# Arrows Entering target crooked - why?



## Cthuntfish (Sep 9, 2005)

Ok so here is the deal. I'm shooting a Limbsaver DZ 32 at 27" and 62 lbs. I'm using a QAD rest with Beman ICS Hunter 400 arrows and FOBs. I realize I'm right on the line with whether I should shoot 400s or 500s but I stuck with the 400s becuase I already have a couple dozen.

The bow was set up and tuned, perfect through paper (bare shaft) and everything seems fine. When I shoot this set up with field points, it's great out to 50 yards, I have no complaints. The arrows fly true and enter the target perfectly. However here is the problem.

I put Slick Trick 100 gr broadheads (same ones I've used for years) on and not my arrow flight is not good. At 20 yards the arrows are ever so slightly angled to the right (the knock part of the arrow is drifting to the left). At 30 yards it's even worse so I havent' shot past 30. I've tried to make sure that I wasn't somehow making contact with the rest or my face while anchoring. 

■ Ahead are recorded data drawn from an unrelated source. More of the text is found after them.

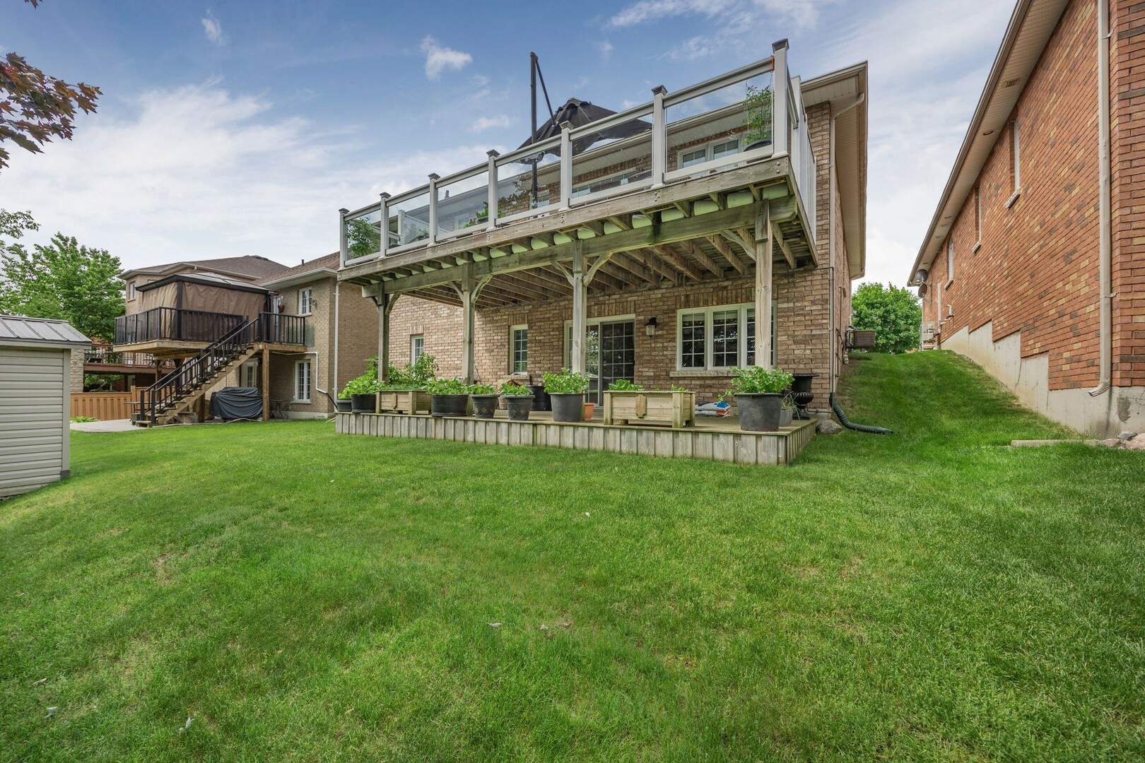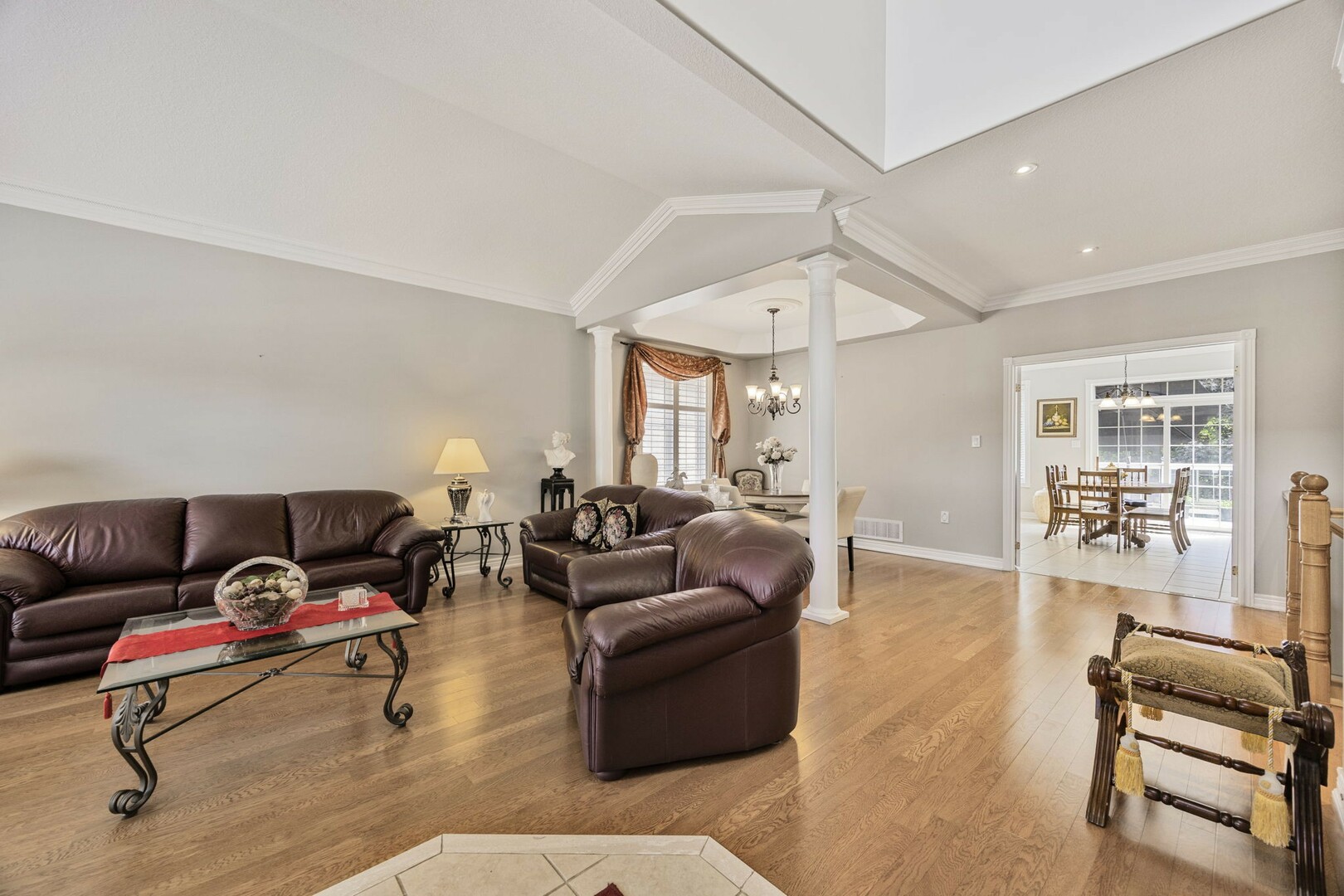 Welcome to this Immaculate and Stunning 3+2 Bedroom, 3 full Bathroom Bungalow with a 2-Car Garage featuring Inside Entry with a Loft Storage Space to this gorgeous home. Upgraded W/ A Grand 17-foot Entryway, California Shutters, Califonia Knockdown Ceilings, Rounded Corners, Pot Lights, Plaster Crown Moulding, 9'Ceilings, & Hardwood Floors On Main. The Kitchen Features Granite Counters W/Backsplash, Breakfast Bar, Stainless Steel Appliances & A Walkout To The Large Upper Deck. Primary Bedroom Features Hardwood Floors and Large enough for a King Sized Bed with a 4 Pc Ensuite complete with a Soaker Tub and Separate Shower & a Walk-in Closet. The Dining Room has a Coffered Ceiling and Pillars to separate the space from the Living Room with Vaulted Ceilings. Main Floor Laundry with access to the Garage. The Bright Walk-Out Basement is an Entertainers Dream with a Large Open 800+ Sqft Great Room W/ a Fireplace & Wet Bar. The Basement Features a Bedroom with a Semi-Ensuite Bath, a Den and a Cold Room. The Basement is very bright with windows and a Full Walk-Out to another Large Deck.
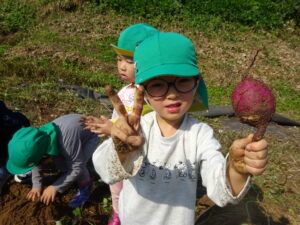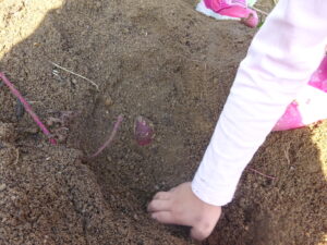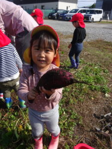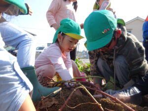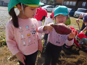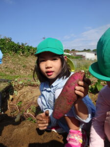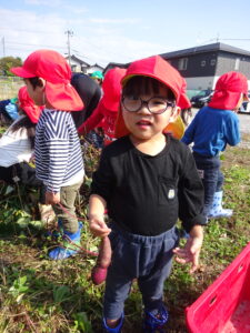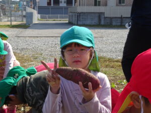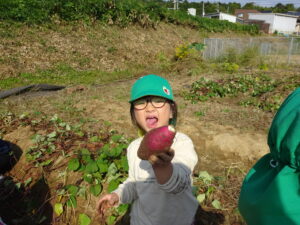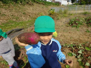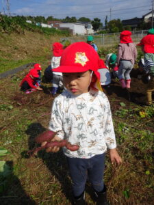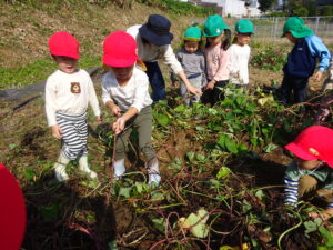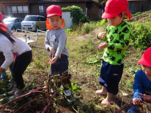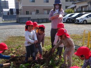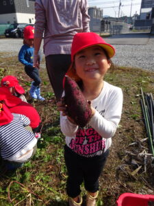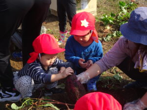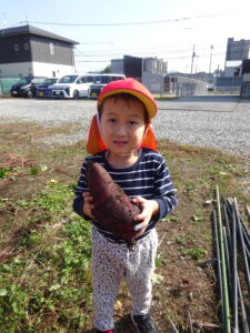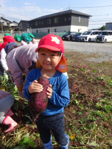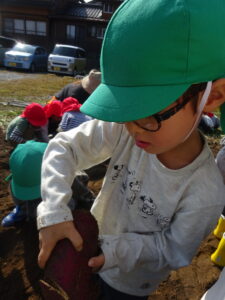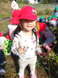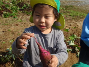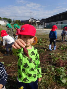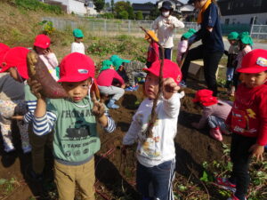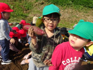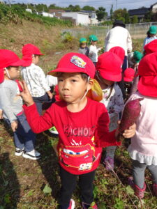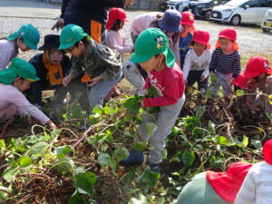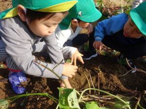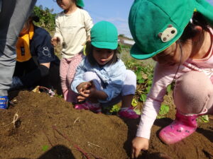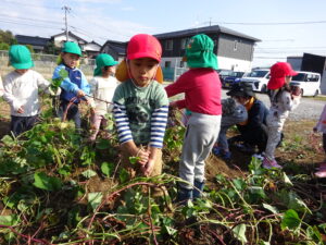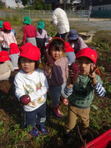 おいもほり、第2回戦!次はこあら組さんときりん組さんです。きりん組さんがこあら組さんをリードして歩いてくれました。おっきいおいも掘るぞ~!!
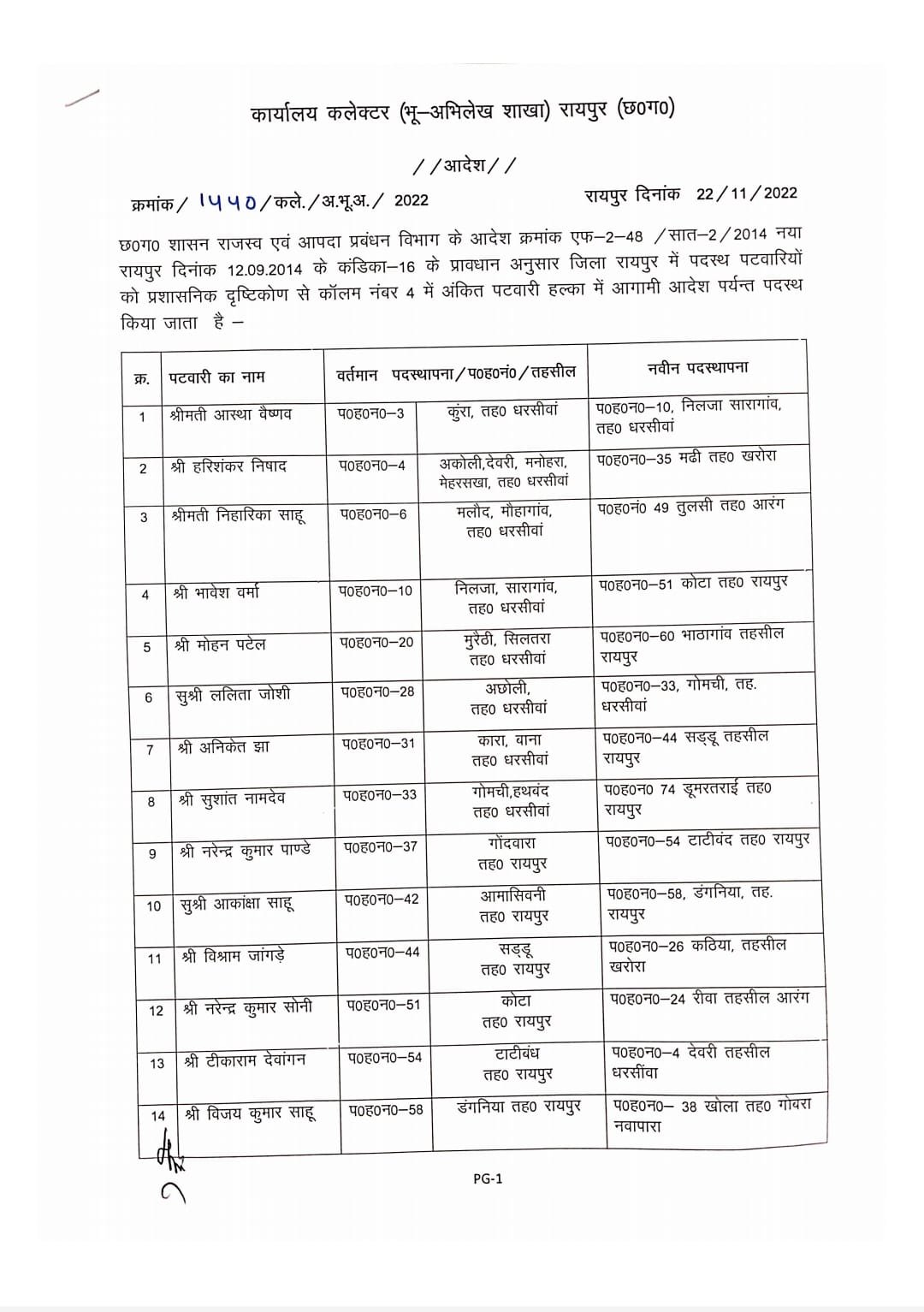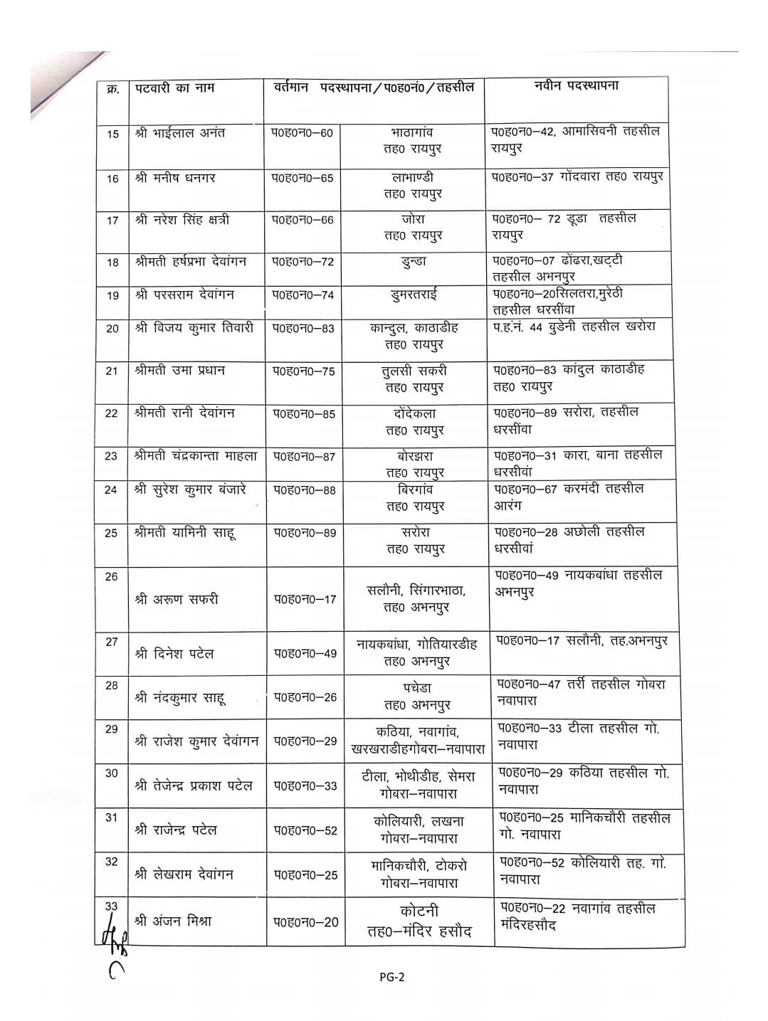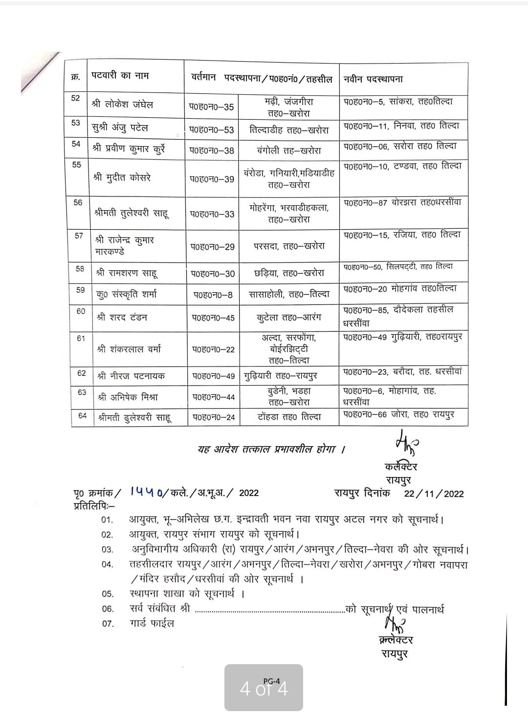 रायपुर। राजधानी रायपुर में लंबे समय से एक ही स्थान पर पदस्थ पटवारियों का कलेक्टर डॉ सर्वेश्वर भुरे ने तबादला किया है।
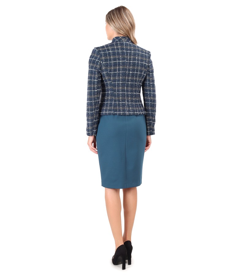 Elegant dress made of thick elastic jersey, unlined, with round decolletage, short sleeves, side pockets, and decorative application in the shape of a heart on the face.
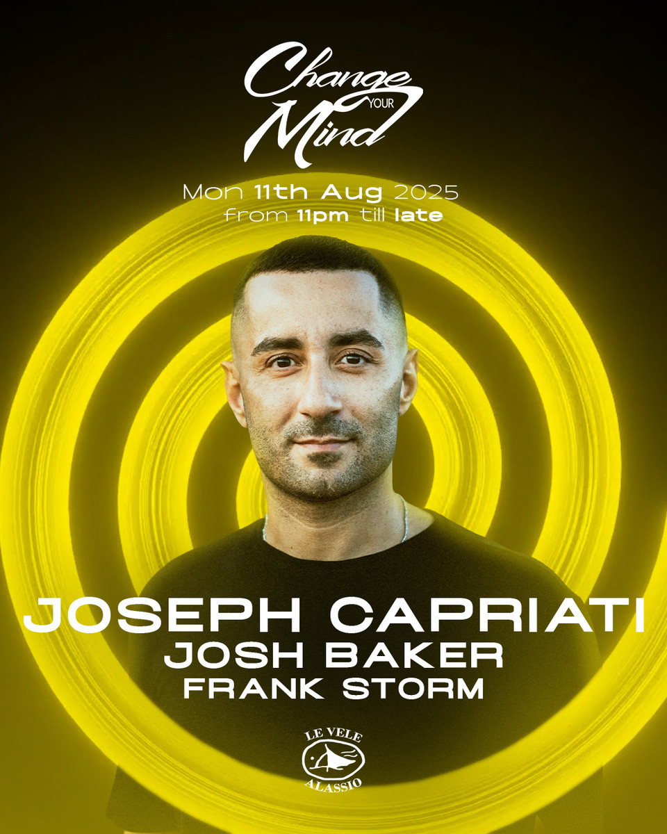 Gran finale lunedì 11 agosto con il ritorno di Change Your Mind, e un ospite d'eccezione: Joseph Capriati, tra i nomi più rispettati della scena elettronica mondiale. Con oltre vent'anni di carriera e una forte identità artistica, Joseph Capriati incarna energia, tecnica e passione allo stato puro. In apertura e chiusura: Josh Baker e Frank Storm. Una serata da non perdere!

The fact that it's only happening with the broadheads is strange to me. Any help is appreciated.


----------



## TheArcheryBarn (Sep 2, 2010)

I would suggest trying a couple of things; (1) have you shot the broadheads through paper, if so what kind of tear do you get? (2)if you have a way, (I use an old arrow straightener for rollers) put the broadheads on and roll the arrows to see what, if any, kind of wobble you may be getting from the broadhead and also the nocks. (3) number your arrows, and try switching broadheads from arrow to arrow to see if you get any difference. Some broadheads fly differently on different arrow combinations. I have even gone so far as to discard some of my broadheads before season because I can't get them to fly to my desires. My question for you is, even though the tail is kicking out, are they grouping similar to your field points?


----------



## bucks/bulls (May 23, 2010)

Walk back tune might help also,center shot could be off


----------



## Cthuntfish (Sep 9, 2005)

Thanks for the suggestions. 

As for the grouping, I've been shooting different bullseyes because I'm shooting FOBs. Accuracy-wise, they are doing good, however they are entering at a rather severe angle imo.


----------



## bucks/bulls (May 23, 2010)

Cthuntfish said:


> Thanks for the suggestions.
> 
> As for the grouping, I've been shooting different bullseyes because I'm shooting FOBs. Accuracy-wise, they are doing good, however they are entering at a rather severe angle imo.


Doesn't take very long to do a quick walk back check,thatd be my 1st thing to do.you should follow up paper tuning with walkback tuning.


----------



## Roskoes (Jun 17, 2007)

Have you tried one of your shafts with regular fletching - put on with a pretty good helical?


----------



## Cthuntfish (Sep 9, 2005)

Thanks for the comments. I'll be trying all of these suggestions this weekend when I get back from a work trip.


----------



## Bucknasty101 (Aug 16, 2010)

I shoot the same bow but with 29" DL. Absolutley LOVE MY LIMBSAVER! I had that problem at first too..I found that my drop away rest was a little bit off and my arrow spline was way off..I was shooting Carbon Express maxima 250's and it was rediculous how bad they were flying. I went to a shop and got a paper tune. I ended up going with 350's and it greatly improved the flight and the paper tune was right on.


----------



## lardy125 (Sep 17, 2009)

Just out of curiosity Bucknasty - what'd it cost you to go in and get 'er paper-tuned? I need to do the same, got a ballpark figure that I can expect to pay?


----------



## TheArcheryBarn (Sep 2, 2010)

Bucknasty, Lardy125, et.al.
I built a paper tune device for a few bucks, and have it on a stand in my basement. I can send pics if interested, and talk you through the paper tuning process.


----------